## DIRECTIONS FOR THIS TASK
With the pictures left out, print exactly the lines below that run from the one containing "A deliciously rich" through the one containing "비정규화 수: 지수(E)가".

## EXTRACTED INFORMATION
====

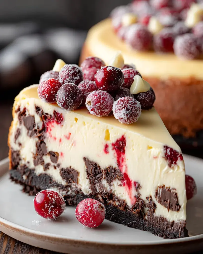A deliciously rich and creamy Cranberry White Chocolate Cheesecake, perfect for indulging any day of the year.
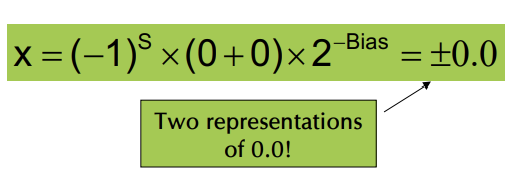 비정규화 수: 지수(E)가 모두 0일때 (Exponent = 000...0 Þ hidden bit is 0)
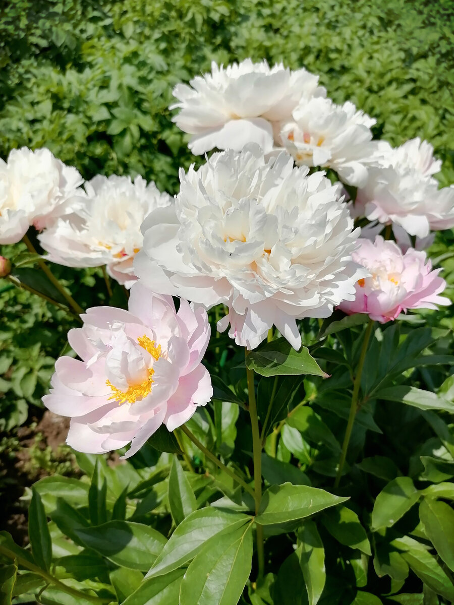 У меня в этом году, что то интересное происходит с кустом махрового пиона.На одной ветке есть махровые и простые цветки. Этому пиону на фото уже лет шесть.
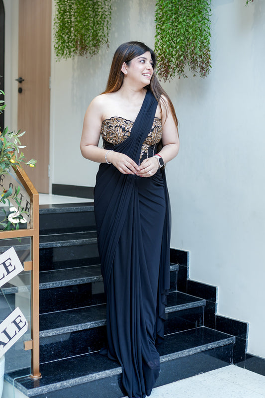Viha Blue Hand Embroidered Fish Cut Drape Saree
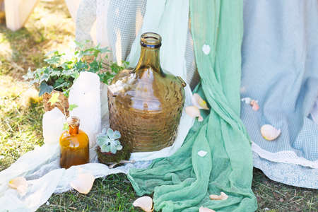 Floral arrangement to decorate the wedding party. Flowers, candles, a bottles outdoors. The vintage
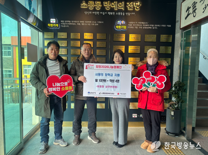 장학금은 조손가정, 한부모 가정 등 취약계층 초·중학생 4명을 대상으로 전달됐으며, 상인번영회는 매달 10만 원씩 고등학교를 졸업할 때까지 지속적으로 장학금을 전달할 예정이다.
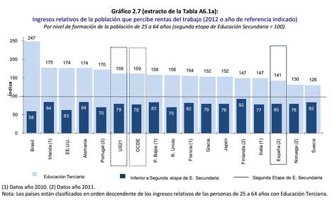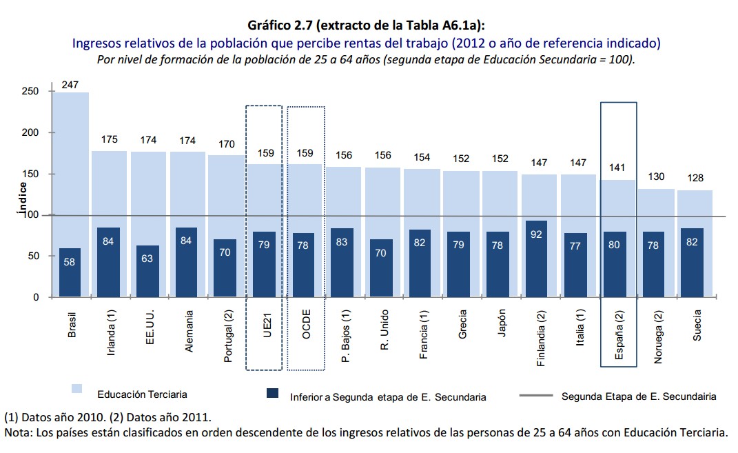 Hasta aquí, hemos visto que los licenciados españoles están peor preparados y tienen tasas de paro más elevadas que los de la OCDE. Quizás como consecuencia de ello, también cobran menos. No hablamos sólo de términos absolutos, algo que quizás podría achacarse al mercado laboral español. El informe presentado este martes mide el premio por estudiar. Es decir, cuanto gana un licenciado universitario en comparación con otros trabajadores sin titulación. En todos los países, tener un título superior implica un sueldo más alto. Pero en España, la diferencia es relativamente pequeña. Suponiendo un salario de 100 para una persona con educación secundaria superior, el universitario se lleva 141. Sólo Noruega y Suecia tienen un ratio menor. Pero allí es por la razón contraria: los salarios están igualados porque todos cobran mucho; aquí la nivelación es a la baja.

====

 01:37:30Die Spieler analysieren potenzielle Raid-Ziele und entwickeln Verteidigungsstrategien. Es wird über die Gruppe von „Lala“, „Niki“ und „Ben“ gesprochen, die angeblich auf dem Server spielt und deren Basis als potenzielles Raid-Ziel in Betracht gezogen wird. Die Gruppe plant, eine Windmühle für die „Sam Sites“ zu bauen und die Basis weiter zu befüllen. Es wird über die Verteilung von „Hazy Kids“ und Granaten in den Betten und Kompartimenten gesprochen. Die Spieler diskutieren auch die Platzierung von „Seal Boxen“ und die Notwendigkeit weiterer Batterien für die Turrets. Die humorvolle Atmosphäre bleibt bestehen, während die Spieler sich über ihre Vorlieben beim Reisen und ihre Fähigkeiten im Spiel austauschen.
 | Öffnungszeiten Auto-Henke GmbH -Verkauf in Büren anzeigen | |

====

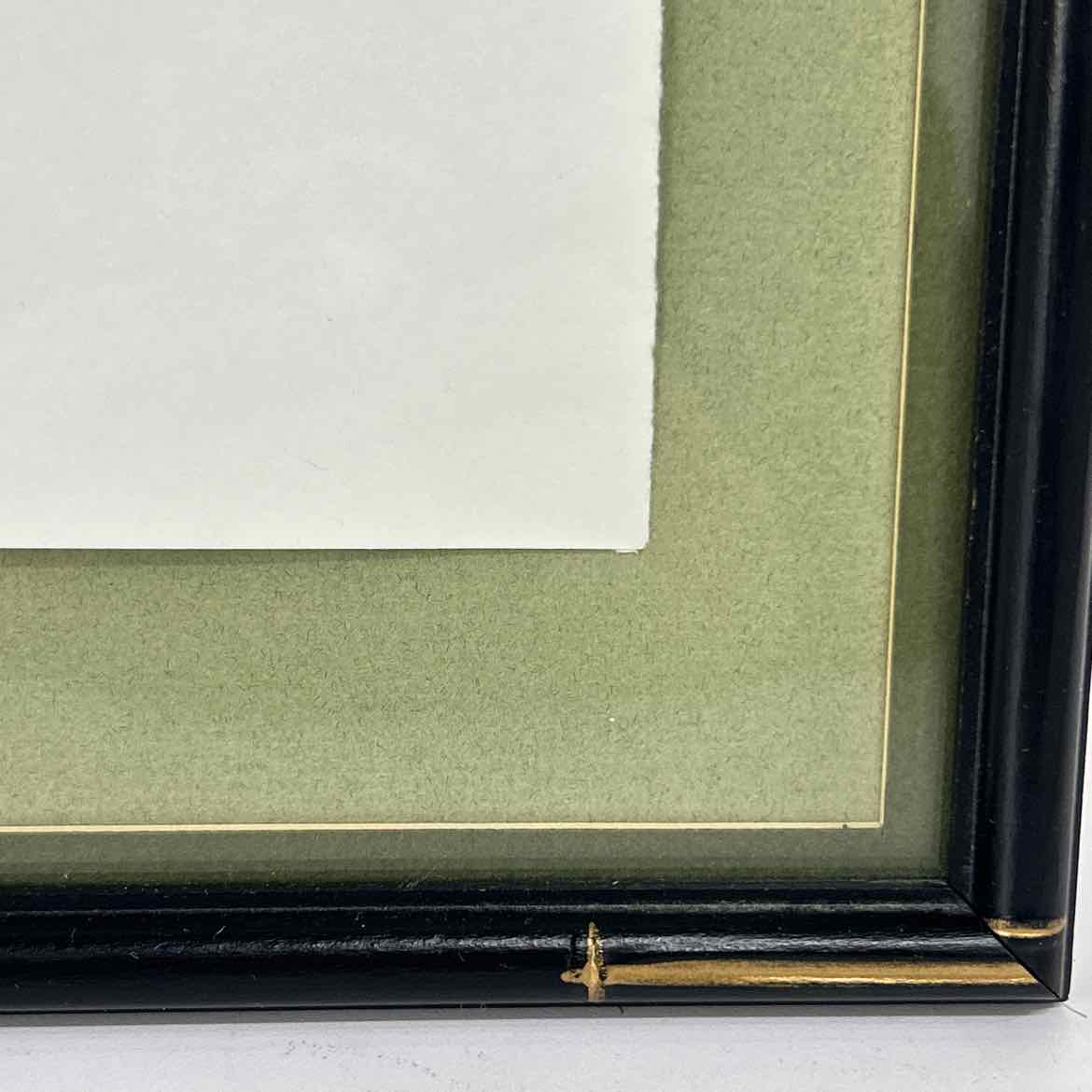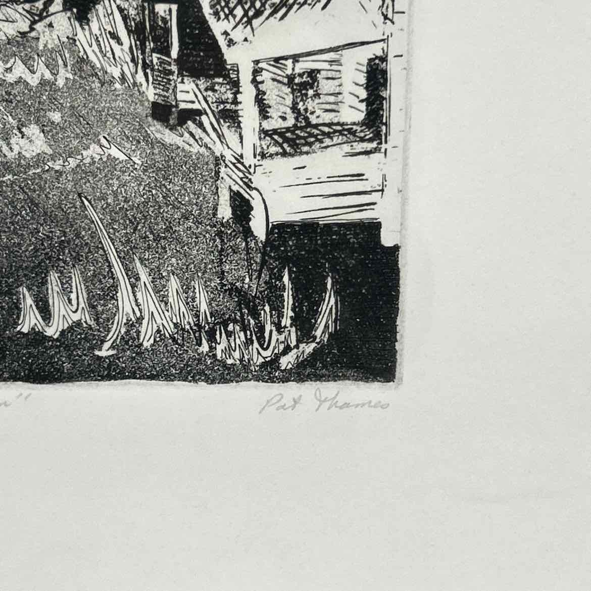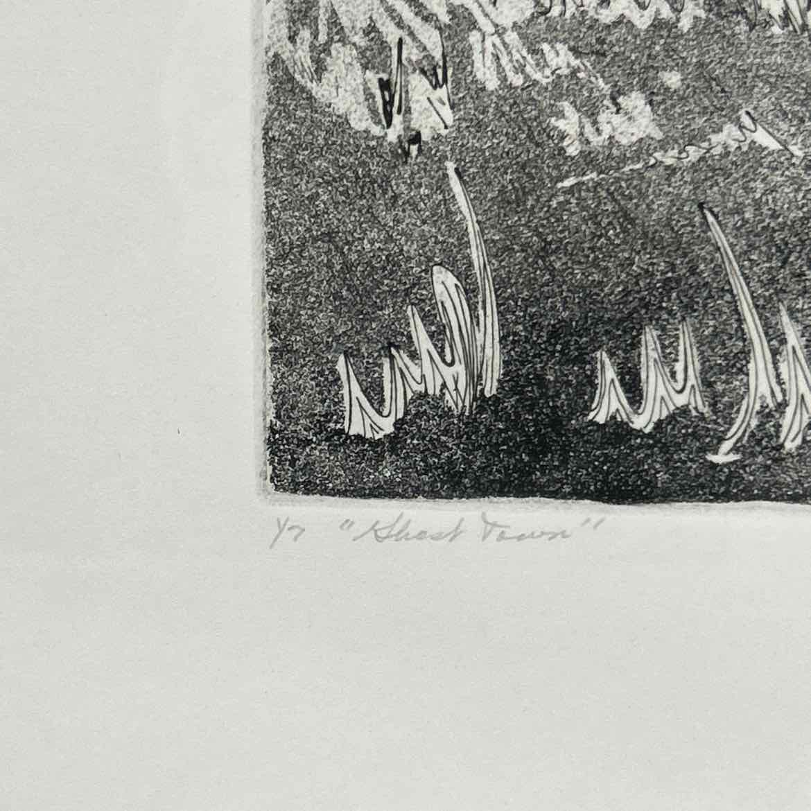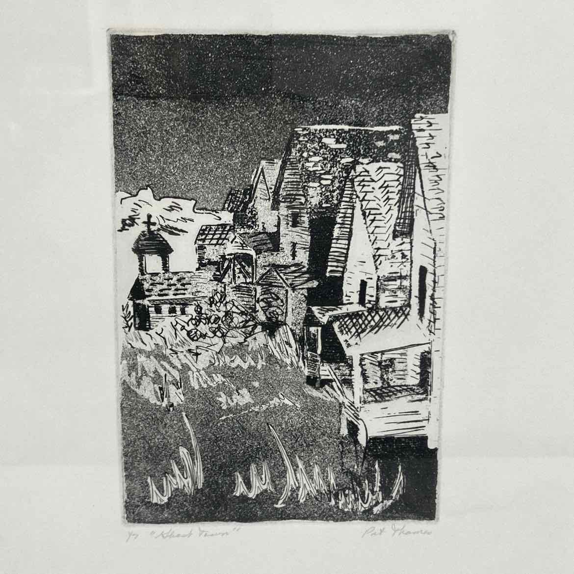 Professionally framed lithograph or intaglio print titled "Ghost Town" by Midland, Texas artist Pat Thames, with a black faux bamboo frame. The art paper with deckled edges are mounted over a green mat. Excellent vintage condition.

====

## EXERCISE RESPONSE
A deliciously rich and creamy Cranberry White Chocolate Cheesecake, perfect for indulging any day of the year.
 비정규화 수: 지수(E)가 모두 0일때 (Exponent = 000...0 Þ hidden bit is 0)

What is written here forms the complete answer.